Take a closer look at the projected labour demand and supply for this occupation over the 2017-2026 period. For more information on future job trends, go to the Canadian Occupational Projections System.


BALANCE: Labour demand and labour supply are expected to be broadly in line for this occupation group over the 2017-2026 period at the national level. The section below contains more detailed information regarding the outlook for this occupational group.
Employment in 2016
Median age of workers in 2016
Average retirement age in 2016

Detailed analysis

In order to determine the expected outlook of an occupation, the magnitude of the difference between the projected total numbers of new job seekers and job openings over the whole projection period (2017-2026) is analyzed in conjunction with an assessment of labour market conditions in recent years. The intention is to determine if recent labour market conditions (surplus, balance or shortage) are expected to persist or change over the period 2017-2026. For instance, if the analysis of key labour market indicators suggests that the number of job seekers was insufficient to fill the job openings (a shortage of workers) in an occupational group in recent years, the projections are used to assess if this situation will continue over the projection period or if the occupation will move towards balanced conditions.
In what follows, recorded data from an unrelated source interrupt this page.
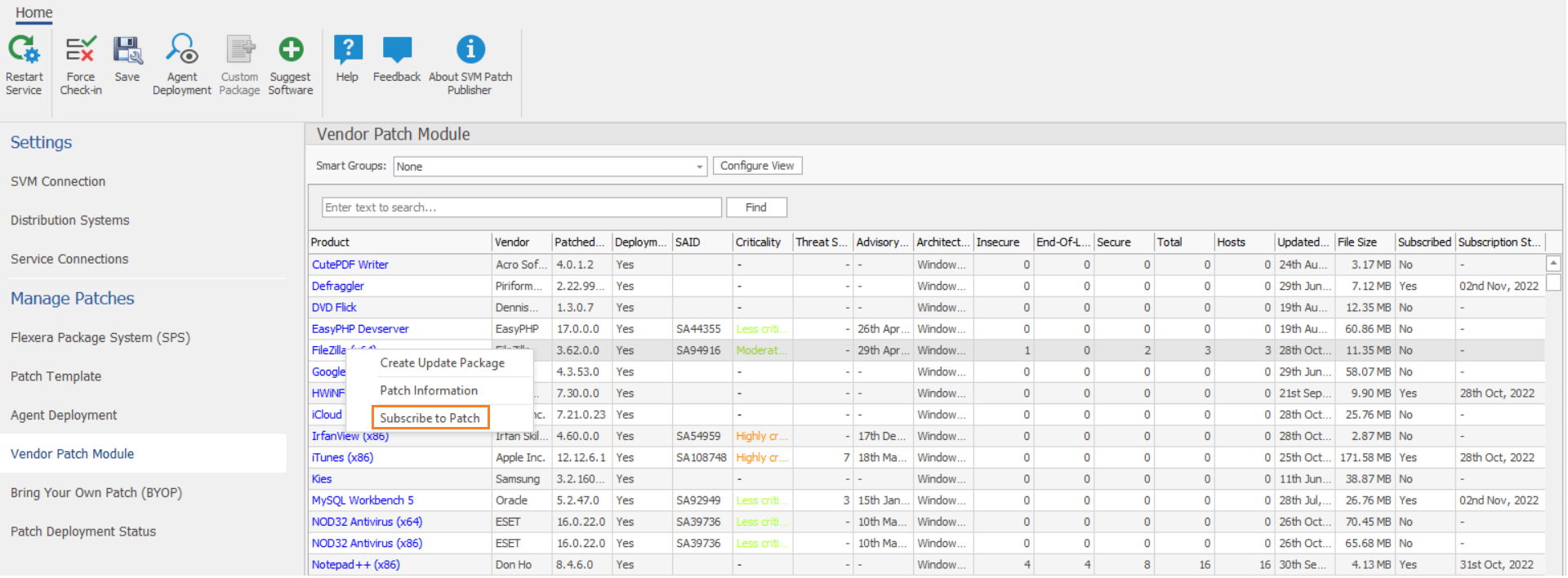 Select Subscribe to Patch option from the context menu.
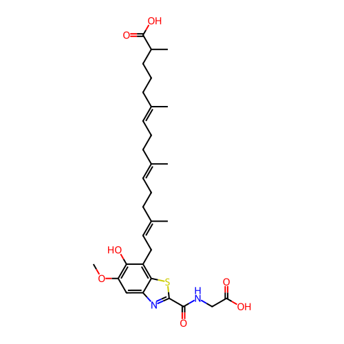 | SMILES | COC1=C(O)C(C/C=C(\C)CC/C=C(\C)CC/C=C(\C)CCCC(C)C(=O)O)=C2SC(C(=O)NCC(=O)O)=NC2=C1 |
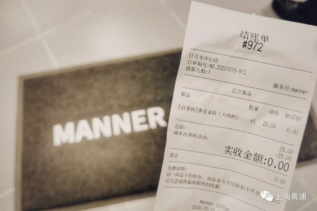 “大概四点四十到的。”在打浦桥附近上班的胡先生作为MannerCoffee打浦桥店最后一位喝到免费咖啡的顾客提着自带咖啡杯说开心的时候:“这家咖啡每天都来,昨天看到店庆,活动截止到五点,就赶紧拿着杯子来凑合热闹。”
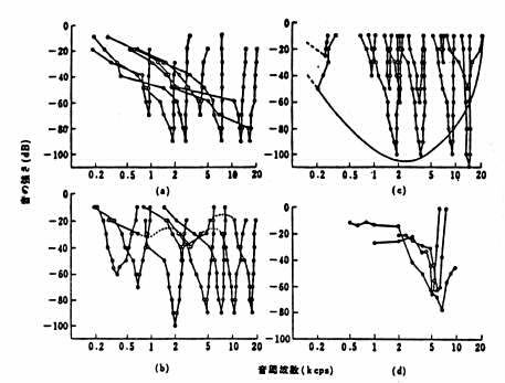 図19-3 蝿牛神経(a),鍋牛神経核(b),下丘(c),内側膝状体(d)にて記録された 単一ニューロンの応答野

Over the 2014-2016 period, employment in this occupational group increased more quickly than the average. However, the unemployment rate stayed mostly stable at 6.2% in 2016, below the national average of 7.0%. The average hourly wage increased at a faster rate than the average for all occupations. The mixed signals of key labour market indicators required the analysis of additional indicators, which concluded that the number of job seekers was sufficient to fill the job openings in this occupational group over the 2014-2016 period.

For Human resources and recruitment officers, over the period 2017-2026, new job openings (arising from expansion demand and replacement demand) are expected to total 12,900, while 13,500 new job seekers (arising from school leavers, immigration and mobility) are expected to be available to fill them.
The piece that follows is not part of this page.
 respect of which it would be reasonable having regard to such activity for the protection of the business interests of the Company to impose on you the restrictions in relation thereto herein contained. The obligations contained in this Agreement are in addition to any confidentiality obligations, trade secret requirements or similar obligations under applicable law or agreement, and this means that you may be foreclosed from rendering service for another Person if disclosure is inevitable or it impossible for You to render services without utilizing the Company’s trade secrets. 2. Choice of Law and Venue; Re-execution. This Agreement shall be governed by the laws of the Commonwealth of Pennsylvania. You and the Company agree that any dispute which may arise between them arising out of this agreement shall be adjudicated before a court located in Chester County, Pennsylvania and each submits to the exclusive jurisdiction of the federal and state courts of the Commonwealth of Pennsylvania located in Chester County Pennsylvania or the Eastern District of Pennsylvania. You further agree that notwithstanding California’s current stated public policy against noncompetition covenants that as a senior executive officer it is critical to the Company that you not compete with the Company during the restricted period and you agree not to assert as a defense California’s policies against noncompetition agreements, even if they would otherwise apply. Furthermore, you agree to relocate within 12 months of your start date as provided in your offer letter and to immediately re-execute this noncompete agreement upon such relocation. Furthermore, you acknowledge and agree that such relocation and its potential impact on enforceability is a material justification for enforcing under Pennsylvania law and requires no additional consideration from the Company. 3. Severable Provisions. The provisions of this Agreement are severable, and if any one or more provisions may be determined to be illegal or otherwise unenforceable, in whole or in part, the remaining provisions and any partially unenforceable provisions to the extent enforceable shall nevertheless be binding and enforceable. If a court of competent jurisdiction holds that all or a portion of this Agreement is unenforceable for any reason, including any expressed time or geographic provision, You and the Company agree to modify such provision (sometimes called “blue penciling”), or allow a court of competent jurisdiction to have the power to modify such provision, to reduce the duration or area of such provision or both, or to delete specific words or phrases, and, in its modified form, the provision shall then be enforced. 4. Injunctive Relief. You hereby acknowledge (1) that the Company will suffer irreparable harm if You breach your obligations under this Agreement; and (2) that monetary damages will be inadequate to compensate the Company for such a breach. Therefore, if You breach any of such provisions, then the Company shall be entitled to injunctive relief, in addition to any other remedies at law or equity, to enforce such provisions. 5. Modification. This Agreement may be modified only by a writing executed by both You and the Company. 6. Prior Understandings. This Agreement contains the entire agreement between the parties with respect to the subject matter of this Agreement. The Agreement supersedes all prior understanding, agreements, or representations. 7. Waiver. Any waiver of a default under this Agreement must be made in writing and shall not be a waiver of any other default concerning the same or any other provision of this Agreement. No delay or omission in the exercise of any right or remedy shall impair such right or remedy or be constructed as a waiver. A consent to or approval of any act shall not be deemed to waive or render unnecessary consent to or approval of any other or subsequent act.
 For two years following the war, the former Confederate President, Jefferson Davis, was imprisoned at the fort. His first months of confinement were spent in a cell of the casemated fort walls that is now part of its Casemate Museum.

As job openings and job seekers are projected to be at relatively similar levels over the 2017-2026 period, the balance between labour supply and demand seen in recent years is expected to continue over the projection period. Job openings are projected to arise from both retirements and expansion demand. The retirement rate for this occupation is expected to be lower than the average projected for all occupations over the 2017-2026 period. On the other hand, demand arising from economic growth is expected to be higher than the national average over the projection period. Population ageing and the high retirement rate for Canada over the projection period will increase the need for human resources and recruitment officers as these workers will have to be replaced and new workers will have to be hired and trained. The continued transition toward a knowledge-based economy will also create a need for additional training of workers over the projection period. Finally, increased international competition will require firms to increase productivity by, for instance, offering continuing education to their employees, contributing to employment growth in occupations related to human resources. However, the increasing reliance on technology, such as online recruitment processes and the computerization of some administrative tasks, is expected to temper employment growth. With regard to labour supply, the majority of job seekers are expected to come from the school system. On the other hand, a significant number of workers will leave this occupation over the projection period. Only a small number of new immigrants are expected to find employment in this occupational group.